I shrug. “I never want to kill anyone. That’s all you.”
“Everyone wants to murder a dragon and then brag about it,” he scoffs. “You will find that I am not nearly as easy to kill as you seem to think.”
I brush the withered not-pine needles off my dress and my hands, hoping I got away with it. “Suit yourself. The offer stands.”
Well, at least I was able to trick him. I think.
And I was going to the village, anyway. If he wants to tag along behind me, then I’m sure the caveman dragon slayers will take good care of him when we get there.
If there even is a village anymore.
If any of the other girls are still alive.

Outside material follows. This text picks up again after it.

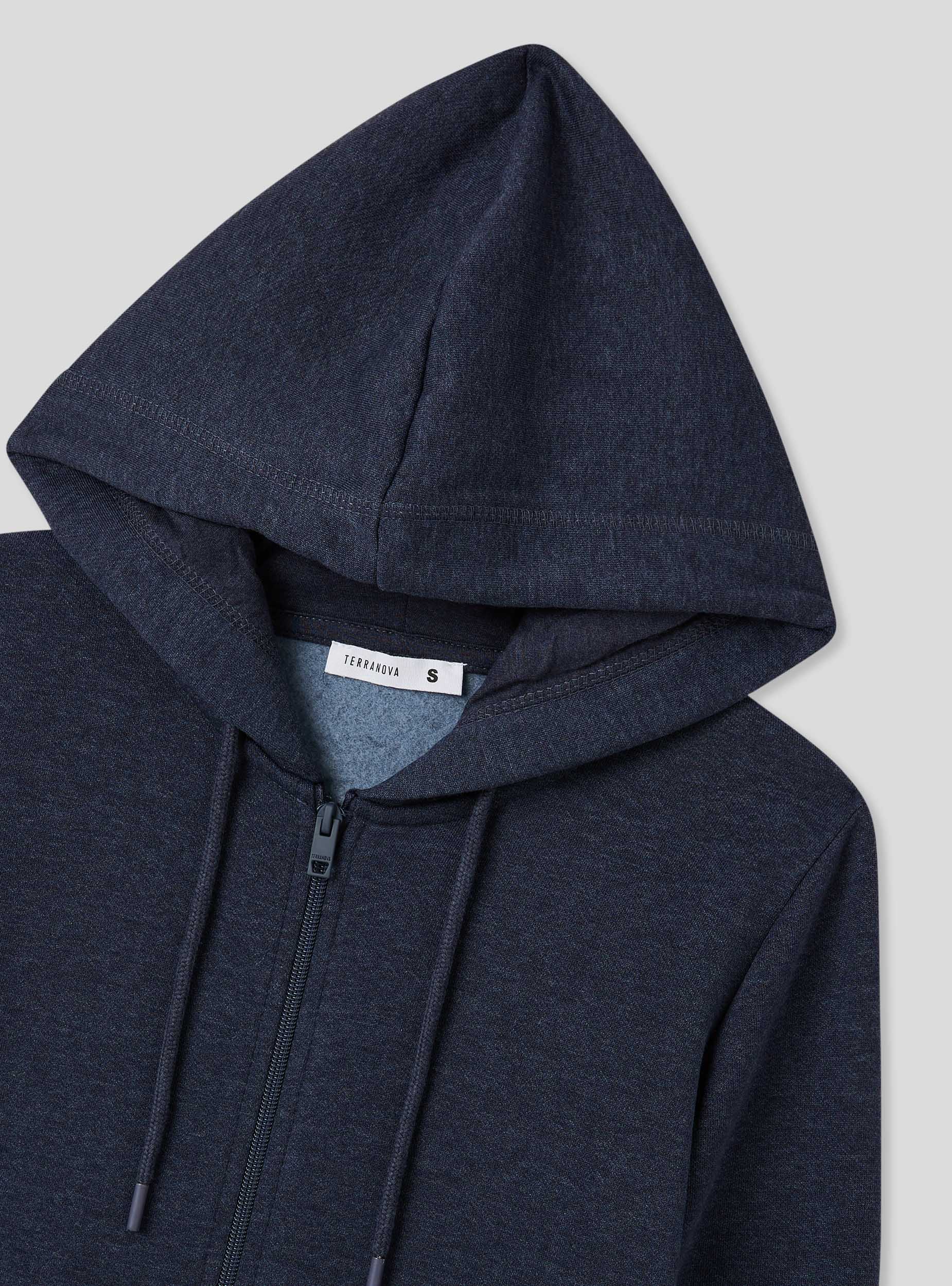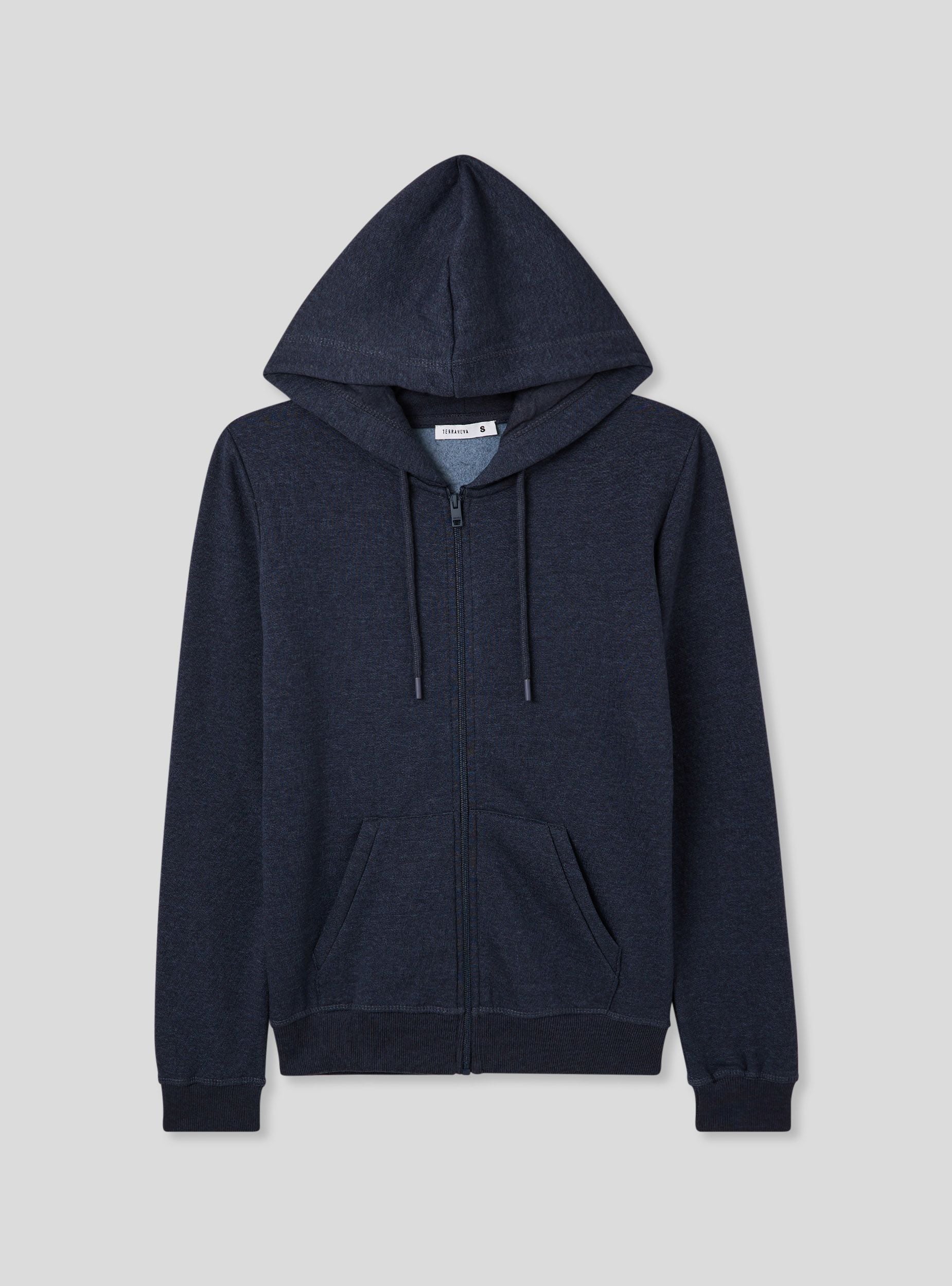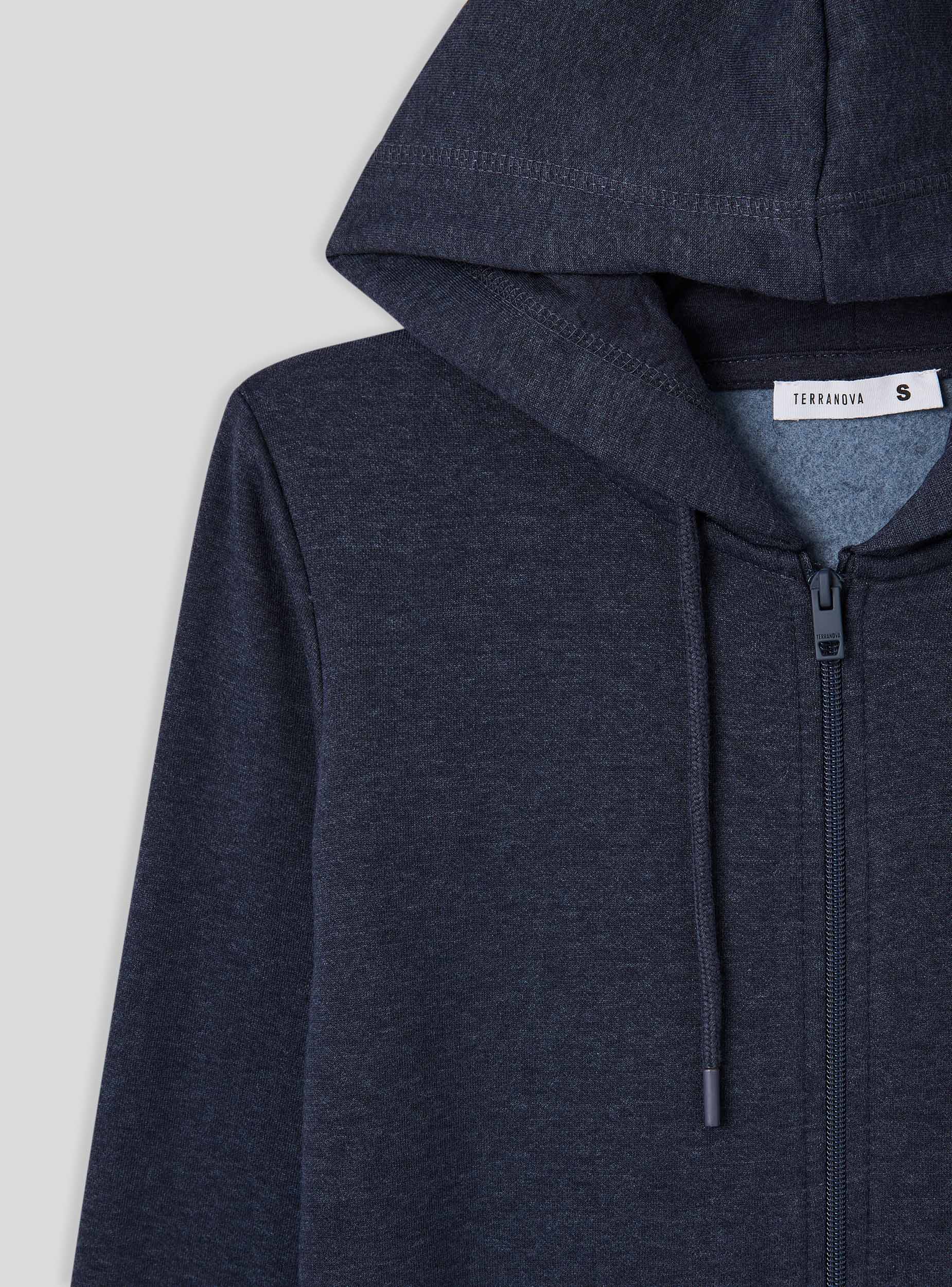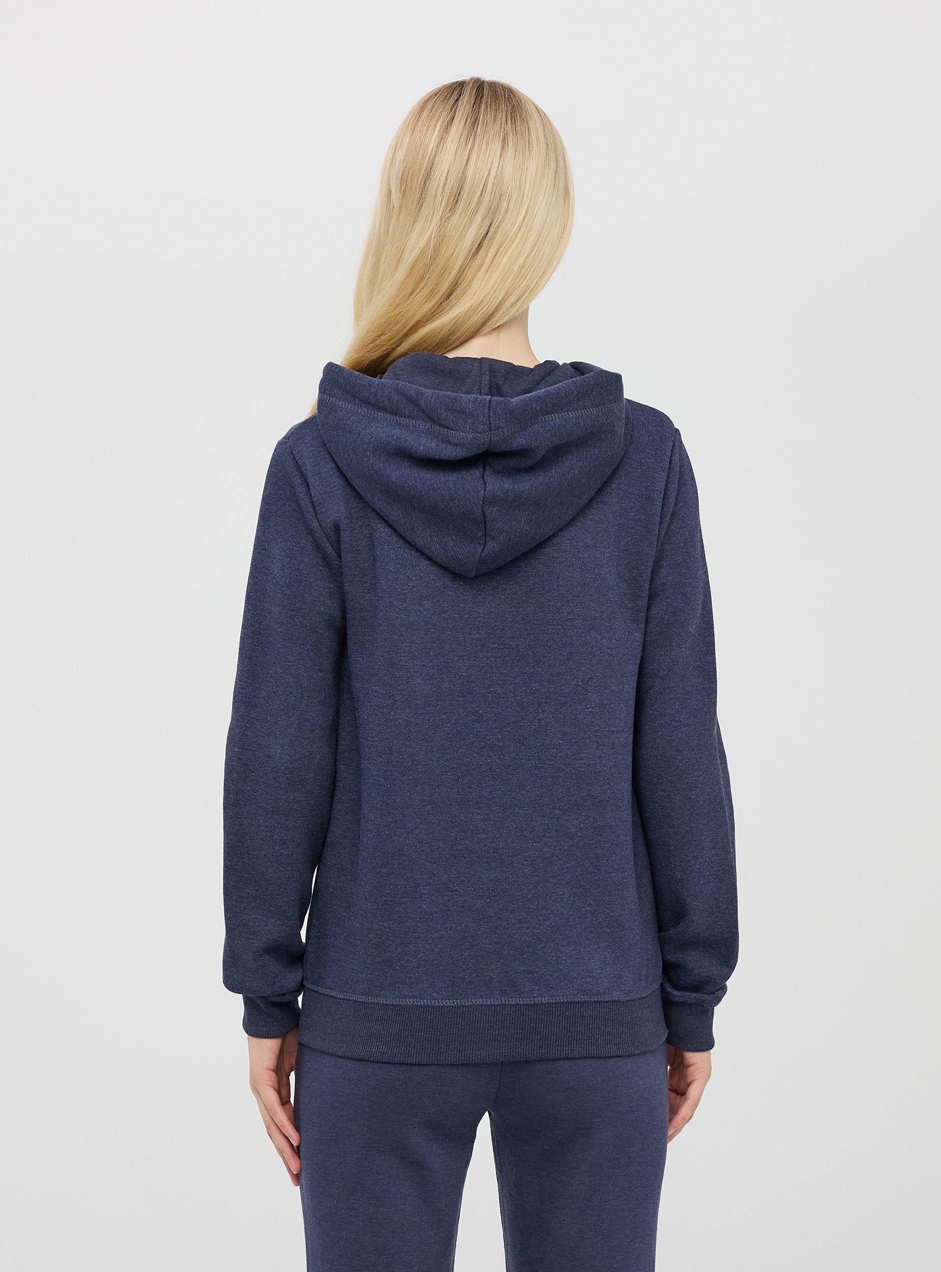Felpa da donna con cappuccio e coulisse, chiusura con cerniera e tasche frontali a marsupio, in tessuto pesante a tinta unita. Capo basic indispensabile da avere nell'armadio, perfetto per look casual. Vestibilità regular.

If the girls haven’t already run all the way to the escape ship and left the planet. I can’t imagine anyone wanting to stay here after that dragon attack that killed at least Heidi and maybe more of us. I mean, the earthquake was bad enough on its own.
So many ifs.
The last one is the worst, for some reason. I can’t imagine a more terrible fate than being left behind here. The only girl on the planet, while my friends have escaped.
The thought sends another wave of coldness through me.
I only know that the village is probably to the south of here. Far, far to the south. This is a cold area, while the jungle is hot and tropical. From where the sun rises, I can tell which way is east and which is west. That gives me north and south, too.
Of course, this could be the southern hemisphere of the planet, which would mean I should walk to the north to get to warmer places.
But I have to pick one. So south it is. If things get colder, I guess I can always turn around.
I aim in what I hope is the right direction and start walking, fast.
Caronerax follows, keeping his distance. I can feel his intense blue and yellow gaze on me.